S’il s’agit d’un ballon d’essai, il n’est pas lancé dans un ciel serein. Alors que les premières décisions à la suite du grand débat sont attendues dans les prochaines semaines pour tenter de mettre fin à la crise des « gilets jaunes », Agnès Buzyn, la ministre des solidarités et de la santé, a jeté le trouble, dimanche 17 mars, en s’aventurant sur un terrain explosif : celui de l’âge légal de départ à la retraite, aujourd’hui fixé à 62 ans. Lors du Grand jury RTL-Le Figaro-LCI, elle a en effet envisagé de « proposer un allongement de la durée de travail » dans le cadre de la réforme qui vise à mettre en place un système universel.

Considérant que le problème ne se posait plus en termes financiers, Emmanuel Macron avait pourtant promis, durant la campagne présidentielle, de ne pas toucher à ce paramètre. Ce que Mme Buzyn a rappelé, dimanche. Mais questionnée sur un recul à 65 ans de l’âge de départ à la retraite, elle a indiqué ne pas être « hostile » à ce que cette piste soit étudiée. « Je suis médecin, je vois que la durée de vie augmente d’année en année, a-t-elle argumenté. Est-ce que (…) nous allons pouvoir maintenir sur les actifs le poids des retraites qui vont augmenter ? »

Des propos formulés « à titre personnel », a-t-elle précisé en fin d’émission, en ajoutant qu’une telle hypothèse avait émergé à la faveur du grand débat : « A partir du moment où les Français l’évoquent, c’est sur la table. » Un discours également tenu à Matignon. « Le premier ministre a aussi dit, vendredi sur Europe 1, que c’était un sujet de débat public », plaide-t-on dans l’entourage d’Edouard Philippe.

Prudence insigne

Bien qu’elle ait vocation à porter la réforme lors de son examen au Parlement – cette année, en principe –, Mme Buzyn s’était peu exprimée sur le sujet jusqu’à présent. Pour l’heure, le pilotage du dossier est assuré par Jean-Paul Delevoye, le haut-commissaire à la réforme des retraites, qui s’est montré d’une prudence insigne. Interrogé par Le Monde, il se dit « très surpris » des propos de la ministre, avec qui il s’est entretenu dimanche soir.

« J’ai vu émerger ce débat, ce n’est pas le mien, poursuit-il. Mais si nous devions faire évoluer notre réflexion, au-delà de cette question, ce sera en toute transparence et non pas au travers d’une déclaration ou d’une émission. »

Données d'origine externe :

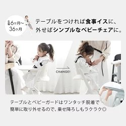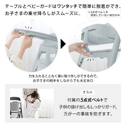 使い勝手の良さ テーブルとベビーガードはワンタッチで簡単に取り外しができ、お子さんの乗せ降ろしがスムーズです。また、本体は樹脂製で汚れが染み込まず、お手入れがしやすいのが利点です。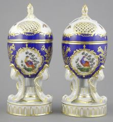 LOT 21 Pair of Dresden Porcelain Potpourri Urns, 7"h. Estimate: $60 - $100 Sold For: $120 Auction Date: Tuesday, January 28 2025 at 4:00 PM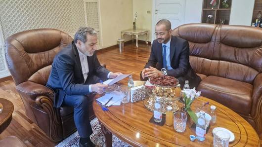 ▲ 지난달 23일(현지시간) 이탈리아 로마에서 열린 미국과 이란의 5차 핵협상. 압바스 아락치 이란 외무장관(왼쪽)이 바드르 알부사이디 오만 외무장관과 대화하고 있다.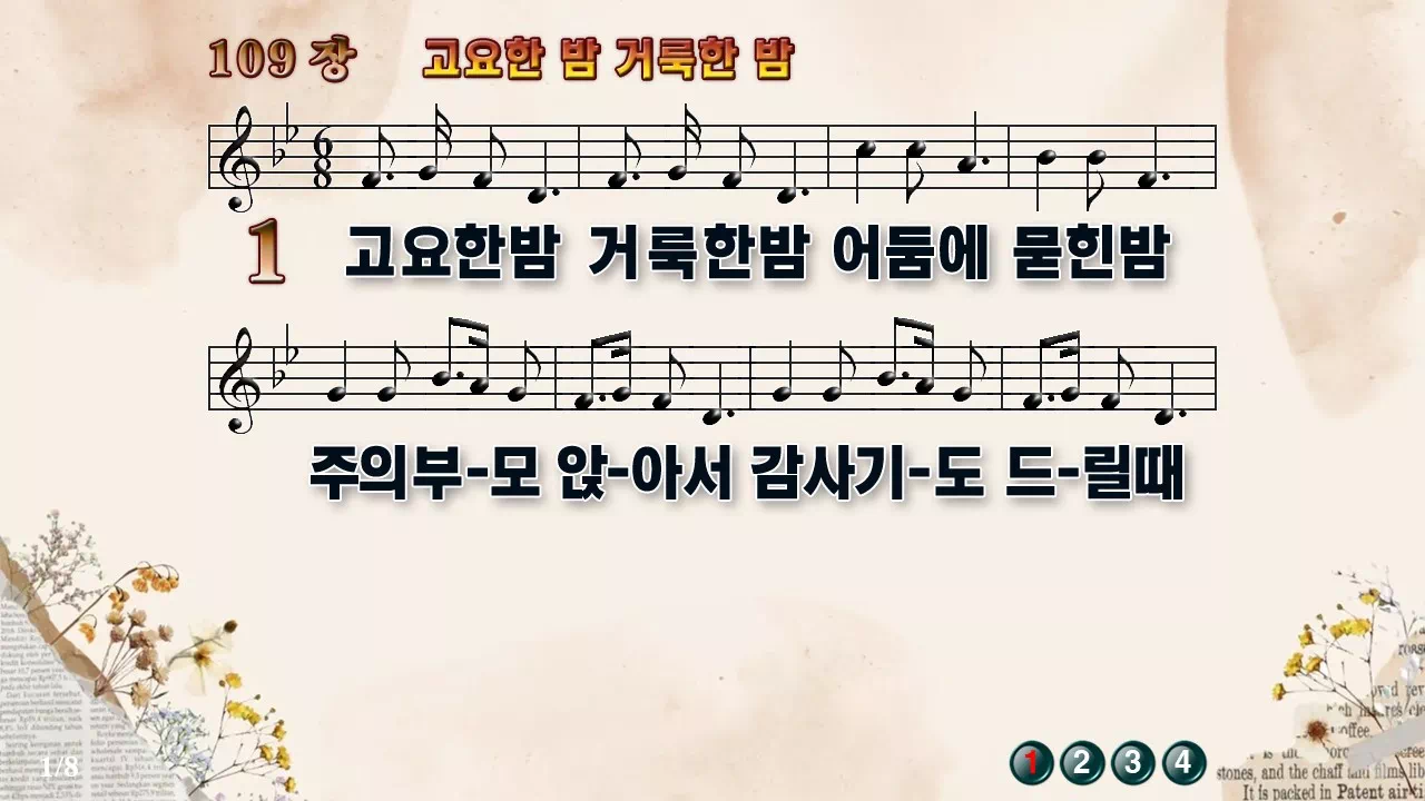 새찬송가 '109장 고요한 밤 거룩한 밤'의 16:9 와이드버전으로 편집된 새찬송가 PPT악보입니다.

M. Delevoye rappelle l’engagement qui a été pris de maintenir l’âge de départ à la retraite à 62 ans.

La sortie de Mme Buzyn n’est pas passée inaperçue chez les syndicats. « Je suis surprise », lâche la vice-présidente de la CFTC, Pascale Coton. « Je ne comprends pas son intervention, qui me paraît décalée et injustifiée, enchaîne le président de la CFE-CGC, François Hommeril. C’est inquiétant. »

« La ministre est hors sujet »

Sur Twitter, le secrétaire général de FO, Yves Veyrier, a répliqué que « les masques tombent un peu plus sur les retraites ». Pour Frédéric Sève (CFDT), « la ministre est hors sujet. Les précédentes réformes ont déjà programmé une hausse de la durée d’activité qui suffit à tenir les régimes à l’équilibre à l’horizon 2030-2040. Et les évolutions récentes font état d’une stagnation de l’espérance de vie, c’est cela qui devrait inquiéter la ministre de la santé ! »

« C’est une provocation que de voir une ministre, en responsabilité sur ce sujet, tenir ce genre de propos, dénonce Régis Mezzasalma (CGT). Ça jette de l’huile sur le feu. »

Au sein du patronat, la réaction est évidemment inverse. « Mme Buzyn est-elle rattrapée par le principe de réalité ? Nous avons toujours dit que le fait de poser le principe des 62 ans comme un totem compromet, à terme, les équilibres financiers du système et risque de fabriquer des retraités pauvres, car leurs pensions seront faibles », commente Eric Chevée, de la Confédération des petites et moyennes entreprises.

Les déclarations de la ministre de la santé tombent à point nommé pour galvaniser les syndicats. Mardi 19 mars, la CGT, FO, Solidaires et d’autres organisations appellent à une journée d’action dont l’un des mots d’ordre porte sur les retraites.